Regex for decimal within 0.21 to 1 range [duplicate] - regex

I'm trying to use the range pattern [01-12] in regex to match two digit mm, but this doesn't work as expected.

You seem to have misunderstood how character classes definition works in regex.
To match any of the strings 01, 02, 03, 04, 05, 06, 07, 08, 09, 10, 11, or 12, something like this works:
0[1-9]|1[0-2]
References
regular-expressions.info/Character Classes
Numeric Ranges (have many examples on matching strings interpreted as numeric ranges)
Explanation
A character class, by itself, attempts to match one and exactly one character from the input string. [01-12] actually defines [012], a character class that matches one character from the input against any of the 3 characters 0, 1, or 2.
The - range definition goes from 1 to 1, which includes just 1. On the other hand, something like [1-9] includes 1, 2, 3, 4, 5, 6, 7, 8, 9.
Beginners often make the mistakes of defining things like [this|that]. This doesn't "work". This character definition defines [this|a], i.e. it matches one character from the input against any of 6 characters in t, h, i, s, | or a. More than likely (this|that) is what is intended.
References
regular-expressions.info/Brackets for Grouping and Alternation with the vertical bar
How ranges are defined
So it's obvious now that a pattern like between [24-48] hours doesn't "work". The character class in this case is equivalent to [248].
That is, - in a character class definition doesn't define numeric range in the pattern. Regex engines doesn't really "understand" numbers in the pattern, with the exception of finite repetition syntax (e.g. a{3,5} matches between 3 and 5 a).
Range definition instead uses ASCII/Unicode encoding of the characters to define ranges. The character 0 is encoded in ASCII as decimal 48; 9 is 57. Thus, the character definition [0-9] includes all character whose values are between decimal 48 and 57 in the encoding. Rather sensibly, by design these are the characters 0, 1, ..., 9.
See also
Wikipedia/ASCII
Another example: A to Z
Let's take a look at another common character class definition [a-zA-Z]
In ASCII:
A = 65, Z = 90
a = 97, z = 122
This means that:
[a-zA-Z] and [A-Za-z] are equivalent
In most flavors, [a-Z] is likely to be an illegal character range
because a (97) is "greater than" than Z (90)
[A-z] is legal, but also includes these six characters:
[ (91), \ (92), ] (93), ^ (94), _ (95), ` (96)
Related questions
is the regex [a-Z] valid and if yes then is it the same as [a-zA-Z]

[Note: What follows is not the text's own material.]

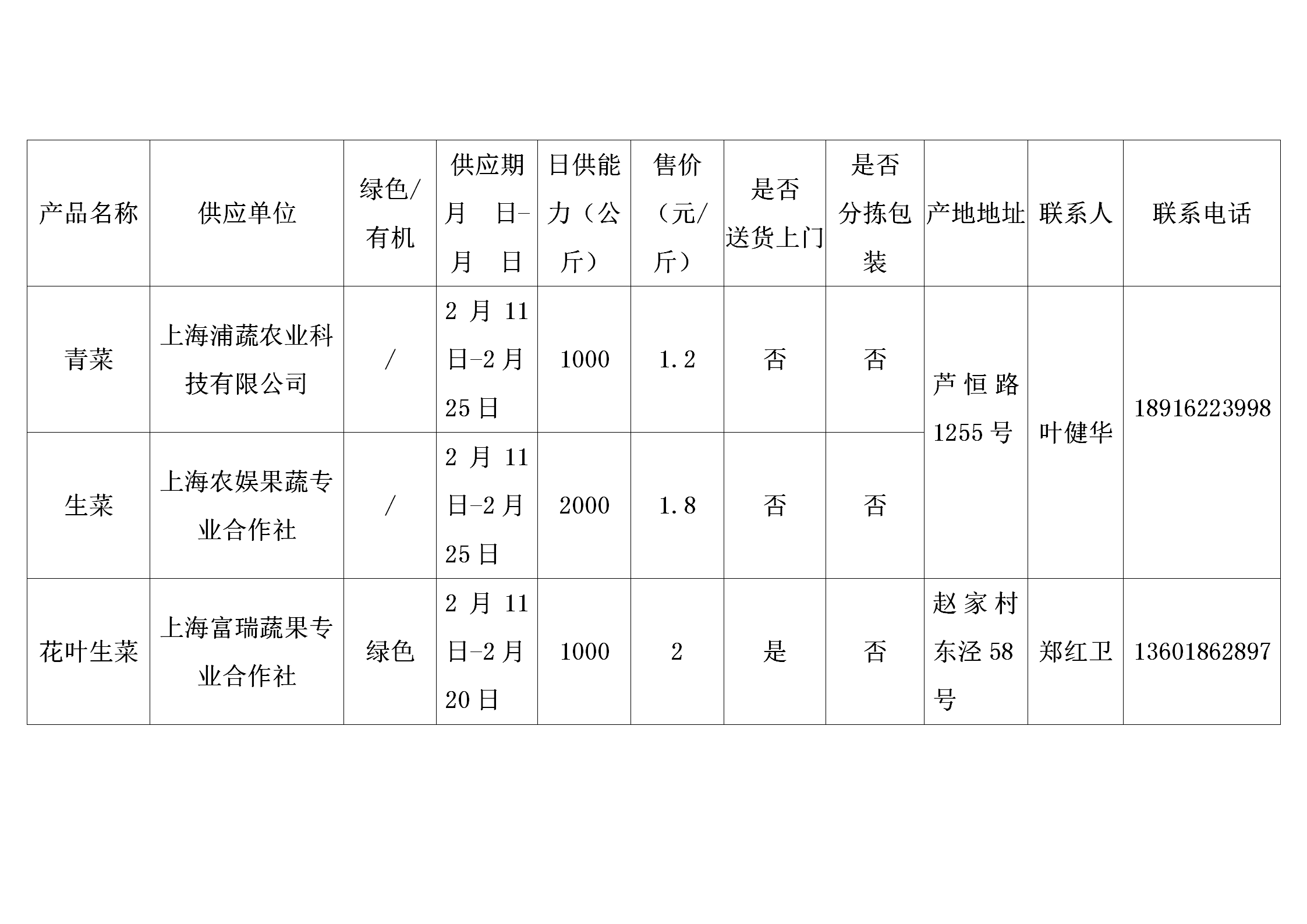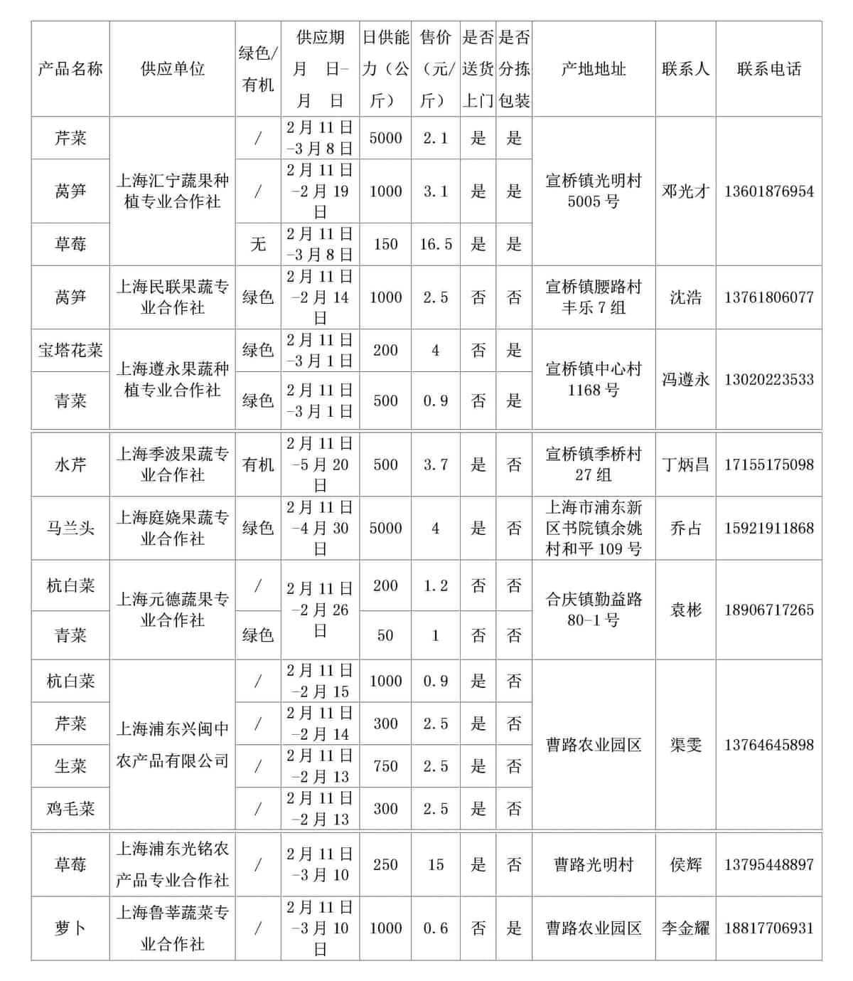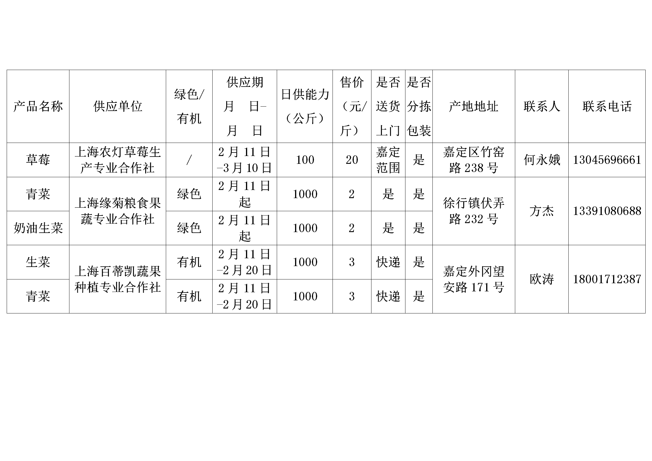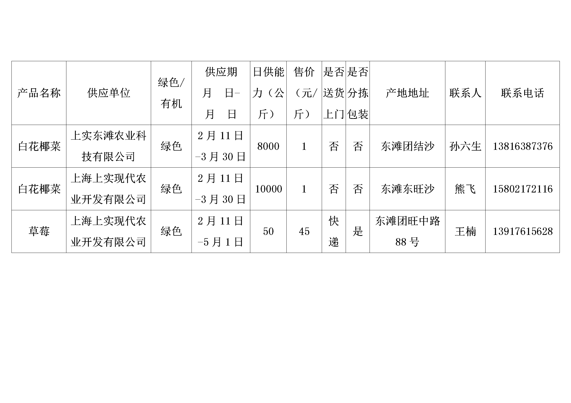 上海市地产蔬菜(含草莓、食用菌)供应信息表

A character class in regular expressions, denoted by the [...] syntax, specifies the rules to match a single character in the input. As such, everything you write between the brackets specify how to match a single character.
Your pattern, [01-12] is thus broken down as follows:
0 - match the single digit 0
or, 1-1, match a single digit in the range of 1 through 1
or, 2, match a single digit 2
So basically all you're matching is 0, 1 or 2.
In order to do the matching you want, matching two digits, ranging from 01-12 as numbers, you need to think about how they will look as text.
You have:
01-09 (ie. first digit is 0, second digit is 1-9)
10-12 (ie. first digit is 1, second digit is 0-2)
You will then have to write a regular expression for that, which can look like this:
+-- a 0 followed by 1-9
|
| +-- a 1 followed by 0-2
| |
<-+--> <-+-->
0[1-9]|1[0-2]
^
|
+-- vertical bar, this roughly means "OR" in this context
Note that trying to combine them in order to get a shorter expression will fail, by giving false positive matches for invalid input.
For instance, the pattern [0-1][0-9] would basically match the numbers 00-19, which is a bit more than what you want.
I tried finding a definite source for more information about character classes, but for now all I can give you is this Google Query for Regex Character Classes. Hopefully you'll be able to find some more information there to help you.

This also works:
^([1-9]|[0-1][0-2])$
[1-9] matches single digits between 1 and 9
[0-1][0-2] matches double digits between 10 and 12
There are some good examples here

The []s in a regex denote a character class. If no ranges are specified, it implicitly ors every character within it together. Thus, [abcde] is the same as (a|b|c|d|e), except that it doesn't capture anything; it will match any one of a, b, c, d, or e. All a range indicates is a set of characters; [ac-eg] says "match any one of: a; any character between c and e; or g". Thus, your match says "match any one of: 0; any character between 1 and 1 (i.e., just 1); or 2.
Your goal is evidently to specify a number range: any number between 01 and 12 written with two digits. In this specific case, you can match it with 0[1-9]|1[0-2]: either a 0 followed by any digit between 1 and 9, or a 1 followed by any digit between 0 and 2. In general, you can transform any number range into a valid regex in a similar manner. There may be a better option than regular expressions, however, or an existing function or module which can construct the regex for you. It depends on your language.

Use this:
0?[1-9]|1[012]
07: valid
7: valid
0: not match
00 : not match
13 : not match
21 : not match
To test a pattern as 07/2018 use this:
/^(0?[1-9]|1[012])\/([2-9][0-9]{3})$/
(Date range between 01/2000 to 12/9999 )

As polygenelubricants says yours would look for 0|1-1|2 rather than what you wish for, due to the fact that character classes (things in []) match characters rather than strings.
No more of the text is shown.